A starting point to solve problems in contact mechanics is to understand the effect of a point-load applied to a homogeneous, linear elastic, isotropic half-plane. This problem may be defined either as plane stress or plain strain (for solution with FreeFem++ we have chosen the latter). The traction boundary conditions for this problem are: \begin{equation}\label{eq:bc} \sigma_{xy}(x,0) = 0, \quad \sigma_{yy}(x,y) = -P\delta(x,y) \end{equation} where $\delta(x,y)$ is the Dirac delta function. Together these boundary conditions state that there is a singular normal force $P$ applied at $(x,y) = (0,0)$ and there are no shear stresses on the surface of the elastic half-plane.

Closed form solution

The analytical relations for the stresses can be found from the Flamant solution (stress distributions in a linear elastic wedge loaded by point forces a the tip. When the "wedge" is flat we get a half-plane). For a point $(x, y)$ denote its square distance to the origin by $r^2 = x^2 + y^2$, and the stresses in point $(x, y)$ are given by: \begin{equation} \sigma_{xx} = -\frac{2P}{\pi} \frac{x^2y}{r^4}, \end{equation} \begin{equation} \sigma_{yy} = -\frac{2P}{\pi} \frac{y^3}{r^4}, \end{equation} \begin{equation} \sigma_{xy} = -\frac{2P}{\pi} \frac{xy^2}{r^4}, \end{equation} for some point $(x,y)$ in the lower half-plane. From this stress field the strain components and thus the displacements $(u_x,u_y)$ can be determined. The displacements are given by \begin{align} u_x &= -\frac{P}{4\pi\mu}\left(\frac{2xy}{r^2}+\frac{2\mu}{\lambda + \mu} \arctan(y/x)\right), \label{eq:dispx}\\ u_y &= -\frac{P}{4\pi\mu}\left(\frac{y^2-x^2}{r^2}-\frac{\lambda+2\mu}{\lambda + \mu} \log(r^2)\right), \label{eq:dispy} \end{align} where again $r^2 = x^2+y^2$ and $\lambda$ and $\mu$ are Lame parameters. For plane stress, do the substitution $\lambda \gets \frac{2\mu\lambda}{\lambda+2\mu}$ in the solution and in the Navier equation.
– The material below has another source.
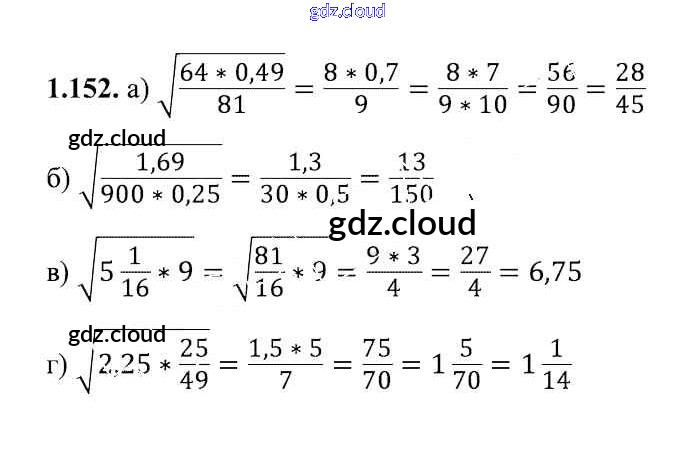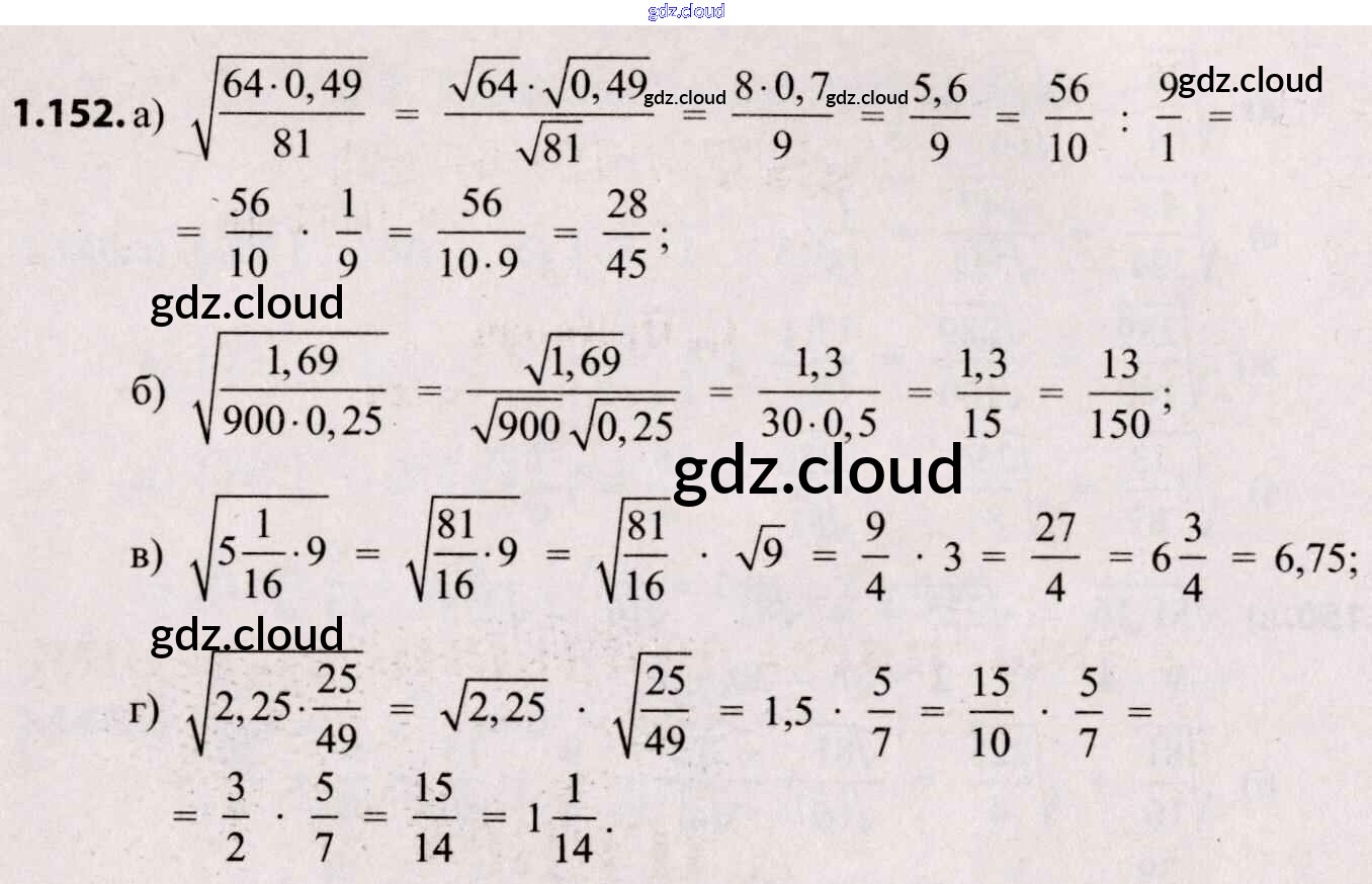 Ответ на задание 1.152 Учебник Алгебра за 8 (восьмой) класс Арефьева, Пирютко 2018
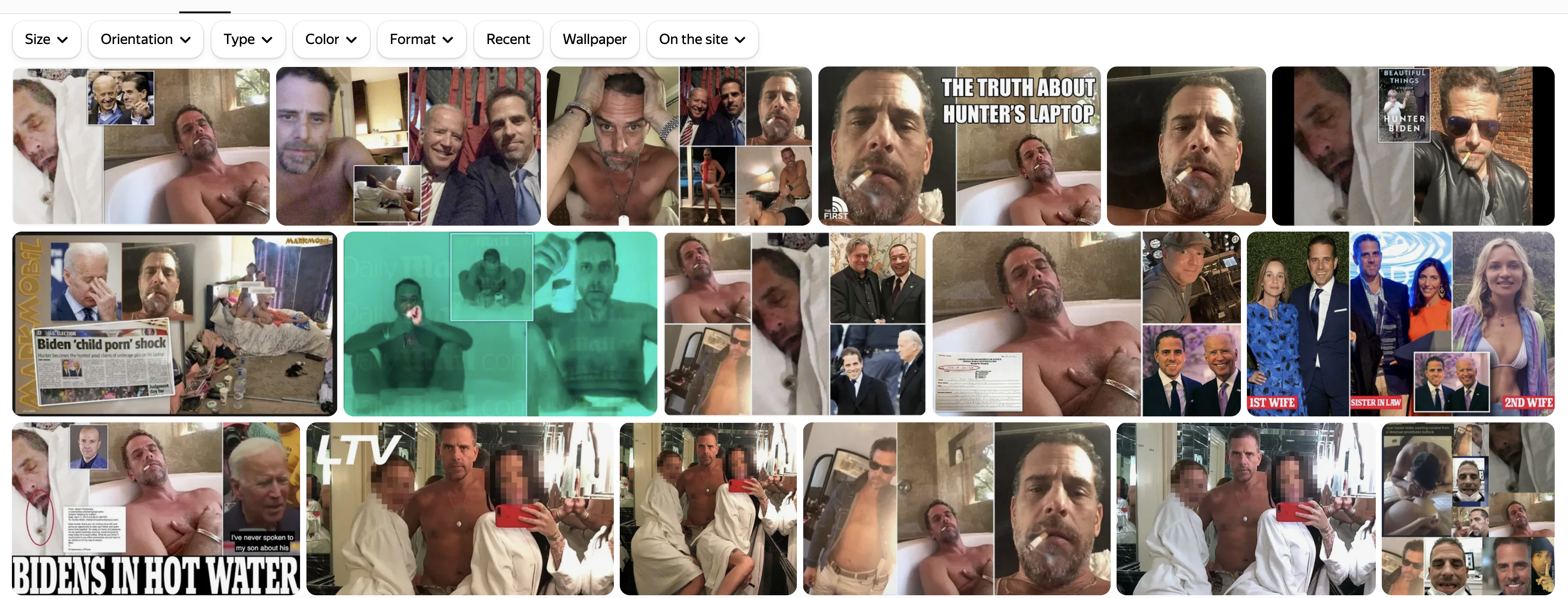 Например, фото пьяного, обкуренного, с проститутками и пр. Хантера Бйадена навалом в сети, но Гугл их сознательно скрывает, а как это называется?

The proof of correctness and plots of the solution are available in this notebook: File:point_contact.nb

Copyable C++ code for closed form solution:

1 std::function<Vec2d(Vec2d)> analytical = [=](const Vec2d& p) {
2     double x = p[0], y = p[1], r2 = x*x + y*y, factor = -force / (4.0*M_PI*mu);
3     double ux = 2*x*y/r2 + 2*mu/(lam + mu)*std::atan2(y, x);
4     double uy = (y*y-x*x)/r2 - (lam + 2*mu)/(lam + mu)*std::log(r2);
5     return Vec2d(factor*ux, factor*uy);
6 };

Copyable Matlab code for closed form solution:

1 function [ux, uy] = point_contact_analytical(x, y, lam, mu, P)
2 % Evaluates closed form solution for point contact.
3 % lam and mu are Lame parameters, P is the point force magnitude
4 r2 = x.^2 + y.^2; factor = -P / (4.0*pi*mu);
5 ux = factor*(2*x.*y./r2 + 2*mu/(lam + mu)*atan2(y, x));
6 uy = factor*((y.^2-x.^2)./r2 - (lam + 2*mu)/(lam + mu)*log(r2));
7 end

Numerical solution with FreeFem++

Due to the known analytical solution the point-contact problem can be used for benchmarking numerical PDE solvers in terms of accuracy (as well as computational efficiency). The purpose of this section is to compare the numerical solution obtained by FreeFem++ with the analytical solution, as well as provide a reference numerical solution for the C++ library developed in our laboratory.

For purposes of simplicity we limit ourselves to the domain $(x,y) \in \Omega = [-1,1] \times[-1,-0.1]$ and prescribe Dirichlet displacement on the boundaries $\Gamma_D$ from the known analytical solution (\ref{eq:dispx}, \ref{eq:dispy}). This way we avoid having to deal with the Dirac delta traction boundary condition (\ref{eq:bc}). The problem can be described as find $\boldsymbol{u(\boldsymbol{x})}$ that satisfies \begin{equation} \boldsymbol{\nabla}\cdot\boldsymbol{\sigma}= 0 \qquad \text{on }\Omega \end{equation} and \begin{equation} \boldsymbol{u} = \boldsymbol{u}_{\text{analytical}} \qquad \text{on }\Gamma_D \end{equation} where $\boldsymbol{u}_\text{analytical}$ is given in equations (\ref{eq:dispx}) and (\ref{eq:dispy}).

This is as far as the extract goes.